Exercise input:

+++

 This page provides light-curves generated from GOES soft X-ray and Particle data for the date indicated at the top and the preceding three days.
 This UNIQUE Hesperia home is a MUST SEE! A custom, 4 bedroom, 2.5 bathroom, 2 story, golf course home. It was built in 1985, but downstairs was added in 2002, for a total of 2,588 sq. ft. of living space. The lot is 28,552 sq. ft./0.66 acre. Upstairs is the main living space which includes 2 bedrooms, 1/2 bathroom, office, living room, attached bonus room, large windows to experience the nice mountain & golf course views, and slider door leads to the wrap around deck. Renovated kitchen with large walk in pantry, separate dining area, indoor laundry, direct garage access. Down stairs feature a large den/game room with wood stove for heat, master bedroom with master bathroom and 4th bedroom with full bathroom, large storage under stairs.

+++

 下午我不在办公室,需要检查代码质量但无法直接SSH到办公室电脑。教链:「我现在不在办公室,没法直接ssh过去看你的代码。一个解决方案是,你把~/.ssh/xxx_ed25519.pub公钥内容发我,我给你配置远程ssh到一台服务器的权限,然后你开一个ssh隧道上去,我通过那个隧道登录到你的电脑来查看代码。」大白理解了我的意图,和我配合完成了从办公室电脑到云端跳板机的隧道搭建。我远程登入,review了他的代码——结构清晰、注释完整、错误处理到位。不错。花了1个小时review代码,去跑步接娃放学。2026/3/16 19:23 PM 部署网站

+++

Task description:
Of the entries listed above, reproduce only the lines starting at the line containing "This page provides" and ending at the line containing "This UNIQUE Hesperia". Include both, exactly as they stand.

Reply:
 This page provides light-curves generated from GOES soft X-ray and Particle data for the date indicated at the top and the preceding three days.
 This UNIQUE Hesperia home is a MUST SEE! A custom, 4 bedroom, 2.5 bathroom, 2 story, golf course home. It was built in 1985, but downstairs was added in 2002, for a total of 2,588 sq. ft. of living space. The lot is 28,552 sq. ft./0.66 acre. Upstairs is the main living space which includes 2 bedrooms, 1/2 bathroom, office, living room, attached bonus room, large windows to experience the nice mountain & golf course views, and slider door leads to the wrap around deck. Renovated kitchen with large walk in pantry, separate dining area, indoor laundry, direct garage access. Down stairs feature a large den/game room with wood stove for heat, master bedroom with master bathroom and 4th bedroom with full bathroom, large storage under stairs.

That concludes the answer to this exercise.